- ABOUT THIS TASK -
Each line below from the one containing "Eloise is an" through the one containing "La varianza de" is to be given again exactly, and no line outside that span.

- SOURCE RECORDS -
------

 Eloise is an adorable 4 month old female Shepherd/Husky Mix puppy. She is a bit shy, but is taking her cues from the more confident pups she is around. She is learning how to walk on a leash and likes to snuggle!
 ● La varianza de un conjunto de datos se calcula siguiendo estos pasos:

------

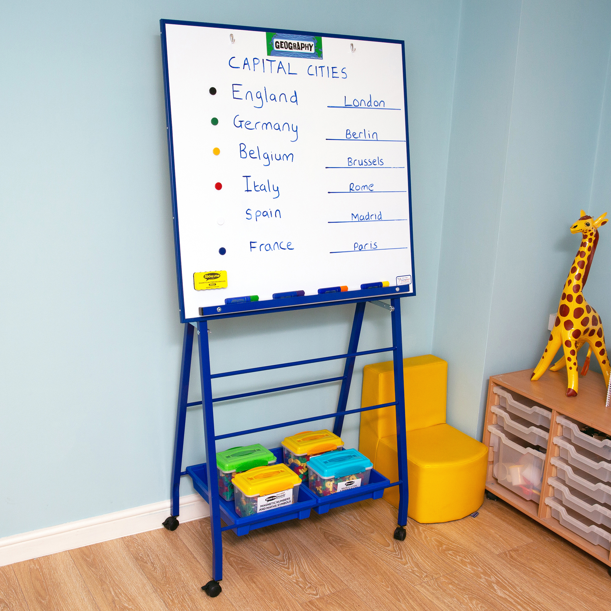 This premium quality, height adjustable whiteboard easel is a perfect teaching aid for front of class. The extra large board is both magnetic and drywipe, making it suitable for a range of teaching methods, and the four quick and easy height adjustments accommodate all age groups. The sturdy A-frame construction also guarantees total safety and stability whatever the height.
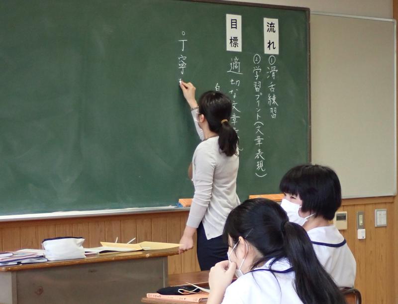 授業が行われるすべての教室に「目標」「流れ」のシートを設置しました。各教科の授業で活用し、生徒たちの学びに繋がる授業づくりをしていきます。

------

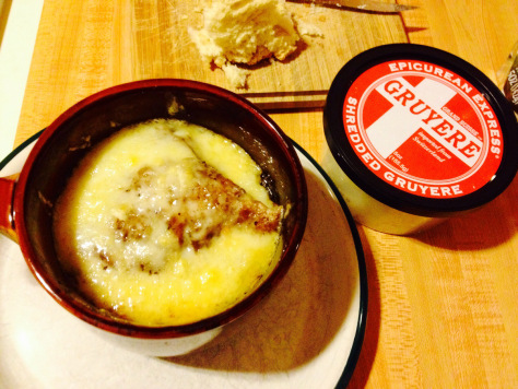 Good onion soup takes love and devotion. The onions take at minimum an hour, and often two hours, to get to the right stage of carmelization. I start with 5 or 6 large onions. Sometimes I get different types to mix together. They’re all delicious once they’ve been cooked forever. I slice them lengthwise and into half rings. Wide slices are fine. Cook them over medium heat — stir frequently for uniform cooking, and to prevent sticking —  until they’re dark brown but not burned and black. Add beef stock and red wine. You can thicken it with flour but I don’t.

------

- SOLUTION -
 Eloise is an adorable 4 month old female Shepherd/Husky Mix puppy. She is a bit shy, but is taking her cues from the more confident pups she is around. She is learning how to walk on a leash and likes to snuggle!
 ● La varianza de un conjunto de datos se calcula siguiendo estos pasos:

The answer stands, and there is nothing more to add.